Moreover, it is one of the methods of data modeling, that will help to store the data in such a way that it is relatively easy to retrieve the data from the database.
Before getting deep into the dimensional modeling concepts, let’s try to understand
- What is meant by Data modeling?
- Why do we prefer to use dimensional modeling in data warehouses?
- How dimensional modeling differ from relational modeling?
Data modeling is considered as the first step in the database design. In this process, Data modelers work with various business stakeholders and create a conceptual/logical and physical data model. There are different modeling techniques which store data in different ways.One among them is relational modeling. It heavily relies on the principles of Normalization.
Note: If you are not familiar with Normalisation, you could refer the link here.They have provided pretty good explanations for various normal forms using simple examples.
These normalized tables perform pretty well on transactional systems(i.e. OLTP systems) because of the insert/update transactions which touch database in only one place.
However, when it comes to reporting, joining dozens of tables isn’t very efficient. It will give a terrible query performance. Fortunately, this problem is effectively addressed by the dimensional modeling technique.
Dimensional databases are used to slice data along certain dimensions. Here everything is divided into 2 distinct categories – dimension or facts. Anything we try to model must fit in one of these two categories.
Fact tables generally represent a business measurement.
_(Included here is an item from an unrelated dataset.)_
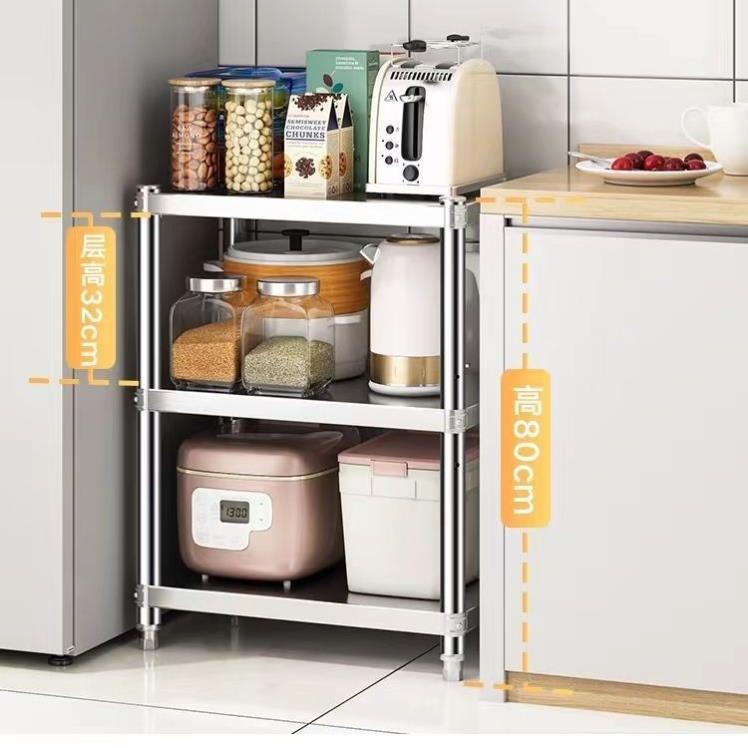 置物架3层不锈钢落地多层家用微波炉烤箱厨房储物货架多功能架子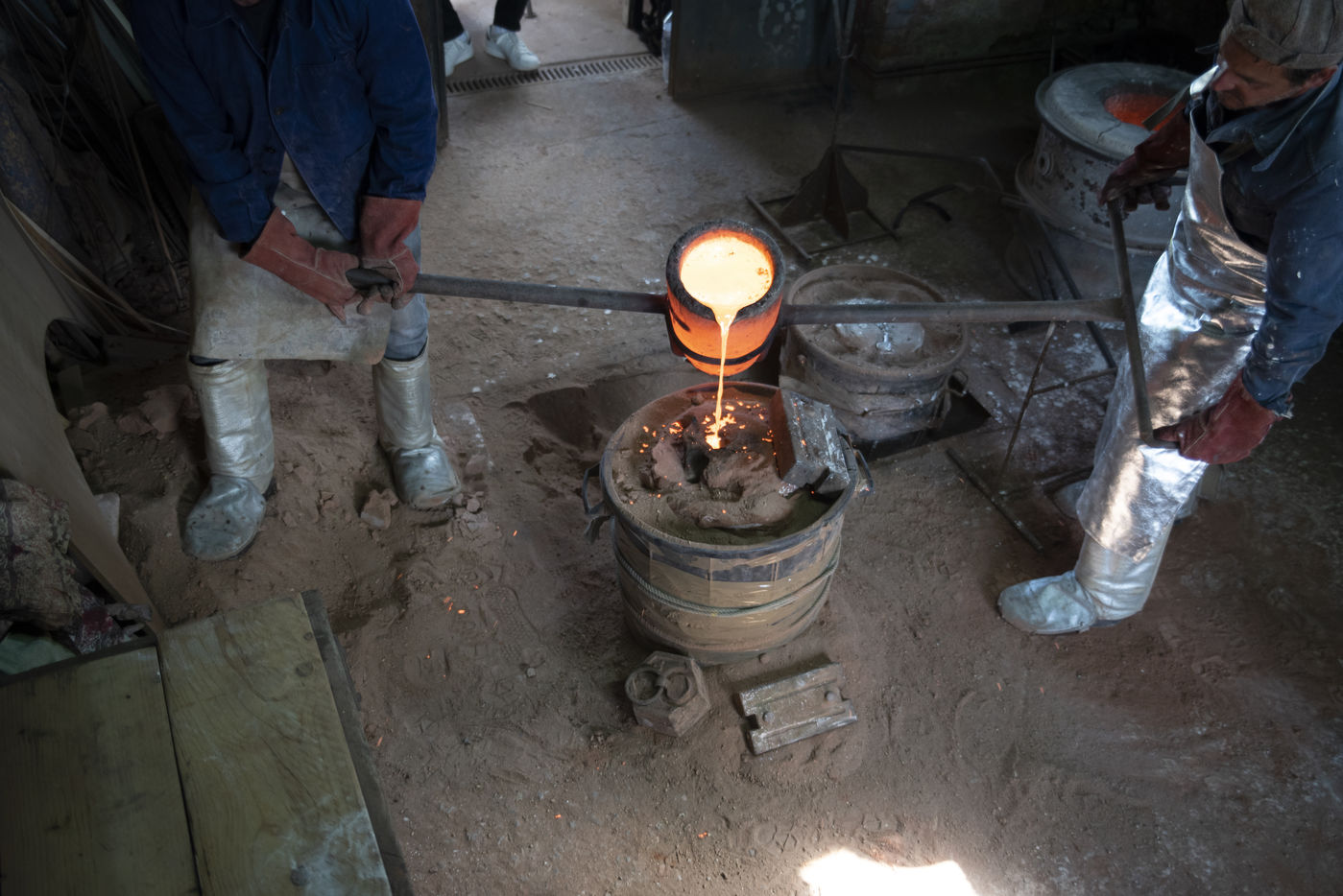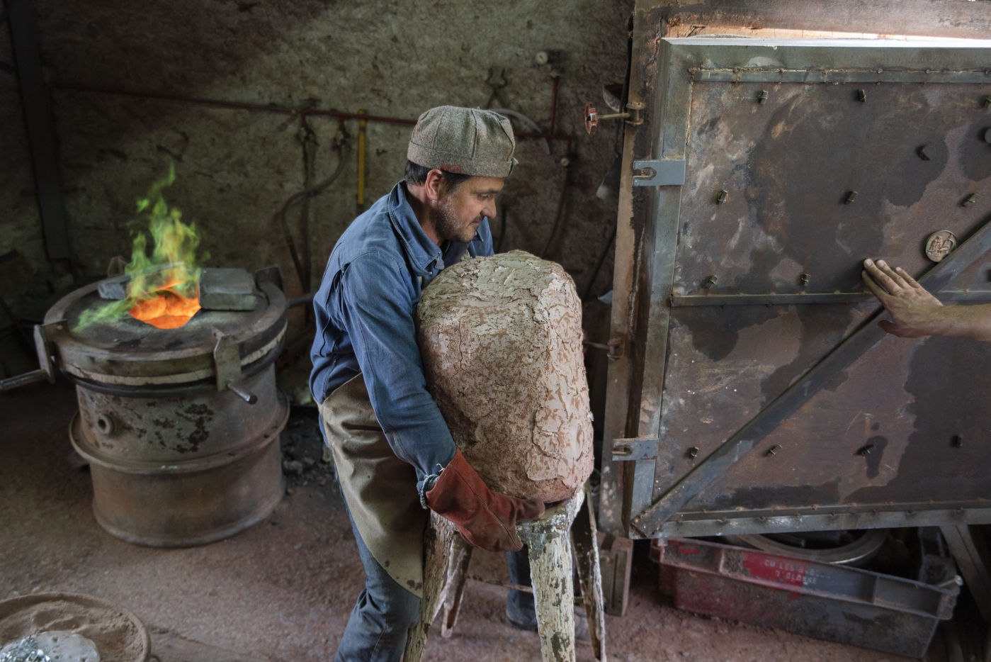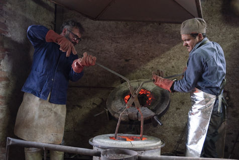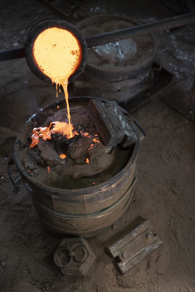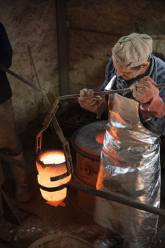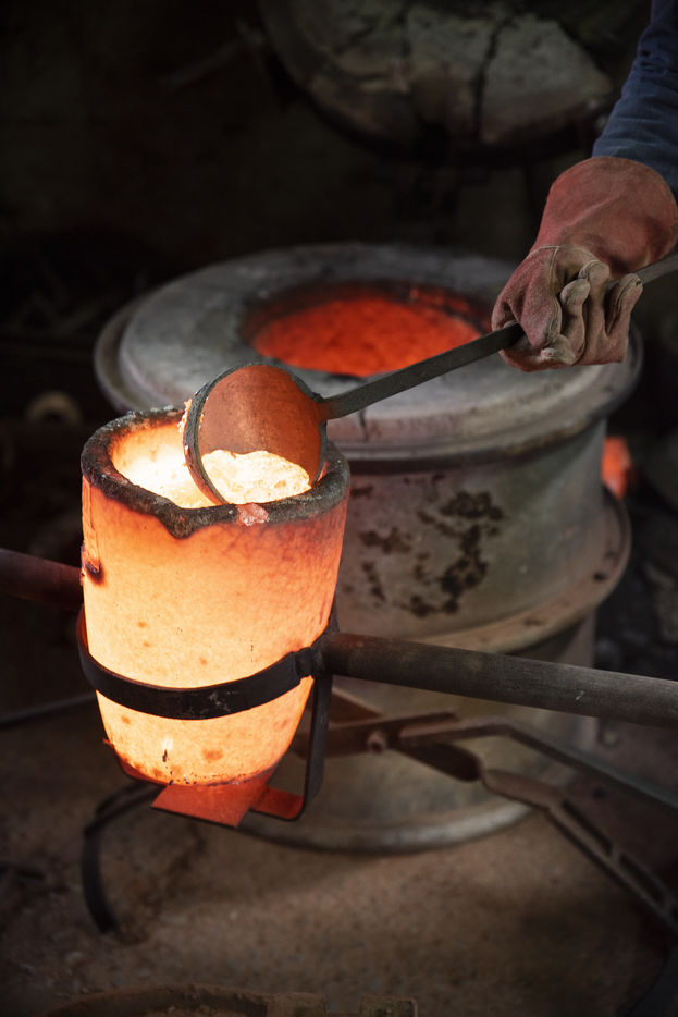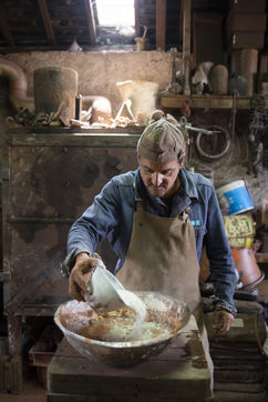 Julien Perrier est sculpteur dans le Maine et Loire. Il a un atelier de fonderie. Certaines de ses sculptures sont en bronze. Voici une série sur la coulée du bronze dans un moule en terre.

For example consider a sales transaction: Some XYZ product of certain quantity has been sold for 100$. This particular transaction event can correspond to a single row in a fact table. Here the data on each row of a fact table is at a specific level of detail (also referred as Granularity).
- All the measurement rows in a fact table must be at the same grain
- A measurement event in the physical world has one-to-one relationship to a single row in the corresponding fact table
- Facts are numeric and additive in nature
- Fact table tends to be deep in terms of number of rows, but narrow in terms of number of columns
- All Fact tables have two or more foreign keys that connect to dimension tables’ primary keys
Dimension tables usually contain all the important information (who/ what/ where/ when/why/how) associated with a transaction event.
Examples of various dimensions are location, product, time, promotion, customer etc.
Each dimension is defined by a single primary key, which serves as the foreign key with any fact table to which it is joined.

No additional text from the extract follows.